I'd just bevel the edges of the door myself. It's a cube - adding bevels will only increase the scene polycount by a tiny amount.
This is false. If it is on a seperate UV island it needs to be a seperate smoothing group. There are scripts to do this or Textools. So UV first, run the script after your uvs are done and it will set your smoothing groups to what your islands are. This isn't the final solution, but this is the starting point. Adding support edges as people have said is still required in some cases.
If it has separate smoothing groups, it needs to also be separate UV islands - not the other way around. Your UV's need to correspond and be split according to how you have smoothed your mesh (which takes practice and knowledge of how the bake-downs will work)
You can technically break your UV's any which way you want, and are not required to split smoothing simply because you decided to split your UVs. BUT, when you split your smoothing, you must ALSO split your UVs to get a clean bake.
Knowing when to and not to split your smoothing is the real trick
because you touch yourself at night
I was wondering, there is a lot of information floating about polycount in dribs and drabs. but is there any 1 cohesive guide to normal map baking covering the subject end to end. I find the wiki a little disjointed, it would be nice to be able to link folks somewhere, and not have to keep rehashing this same thread Ad nauseam
"There are no hard rules however, you must experiment with different approaches to find what works best in your game."
FECK !
I mean there seem to be 2 paths
Engine is synced with baking app. (good times)
bake and be happy.
Engine is not Synced with baking app. (time to compensate)
Smoothing groups/uv splits
And this, no matter what engine your using.
Anyway, this isn't very clear in my head, so i'm gonna re-read every EQ posts.
The smoothing groups are to make the low polys smoothing as artifact free as possible, meaning the normal map wont have to 'counter' the errors. Countering subtle smoothing gradients seems to be where 'un synced' maps fail.
The uv splits are to stop normal values from being interpolated across broad angle changes.
maps spacing, and bleed are for counter mipping.
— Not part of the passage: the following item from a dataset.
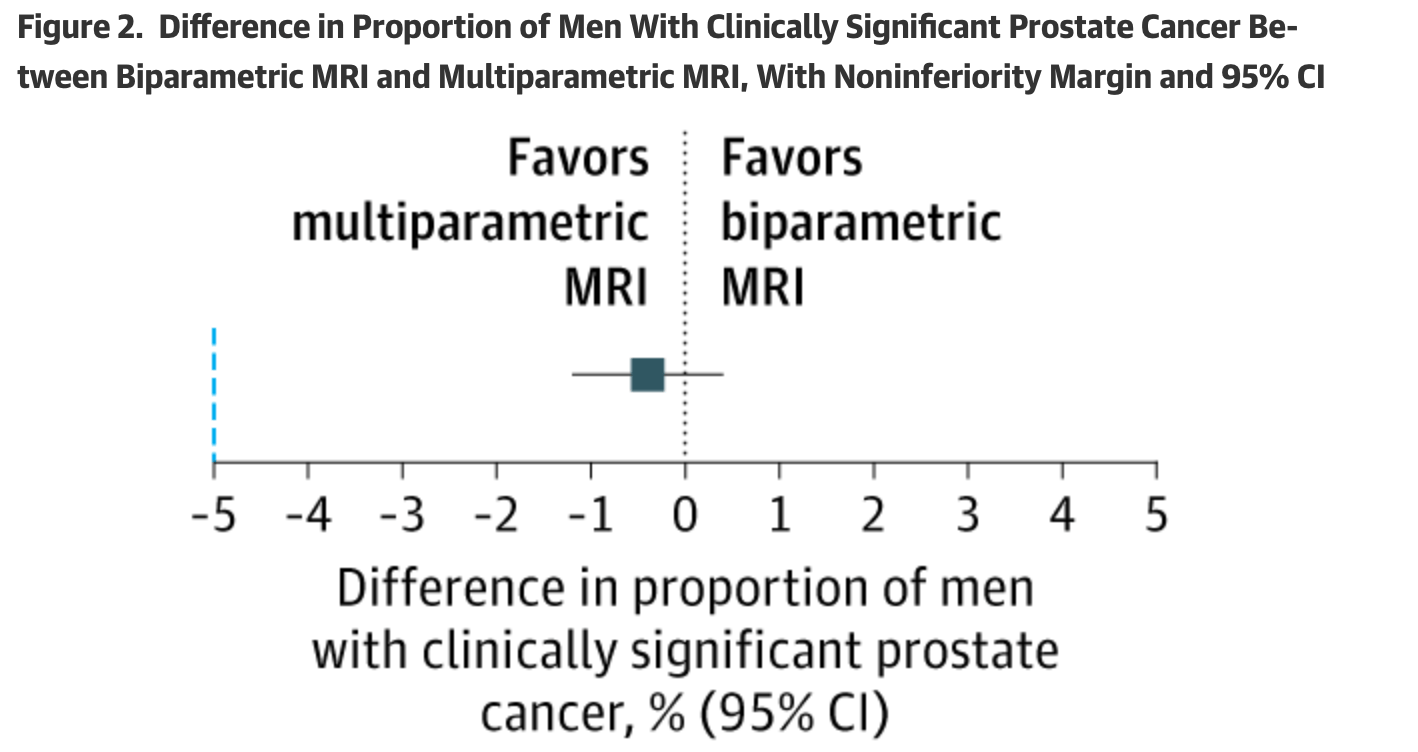 The trial had a non-inferiority margin of -5 percentage points: essentially, bpMRI would be deemed acceptable if it wasnβt more than 5 points worse than mpMRI at finding the important cancers.

90% of the work seems to be going to compensate for the fact that the renderer and baker are no synced.
Thanks guys haha.
Sort of right.
When you have a properly synced baker/rendered, you start to run into issues with resolution. IE: if you dont have enough pixels to represent a gradient, say on a long thin triangle, you're better off setting some hard edges so the gradiation on the lowpoly smoothing is less. This issue are compounded as your texture mips down and loses resolution.
This happens with a broken bake pipeline too, you just wouldn't see it through all the smoothing errors.
So in general terms, using hard edges/SGs is just a way to soften the lowpoly normals, to make the normals less extreme so that the image content of your normal map is a bit simpler, this has a few advantages:
A. Helps a good deal with a broken bake pipeline, but honestly not enough to really get great results, you will still need to use 2x or so more geometry than you would need with a properly set up pipeline, on a complex asset.
B. Helps to get rid of "resolution based smoothing errors"
C. Generally will compress a bit better, as you have less extreme gradients in your image content, that will be more noticeable when the blocky DXT compression kicks in.
D. Can make generating content from CrazyBump easier, as you'll get less artifacts from the smoothing when extracting detail/cavity maps.
bingo! I had been wondering what was causing this.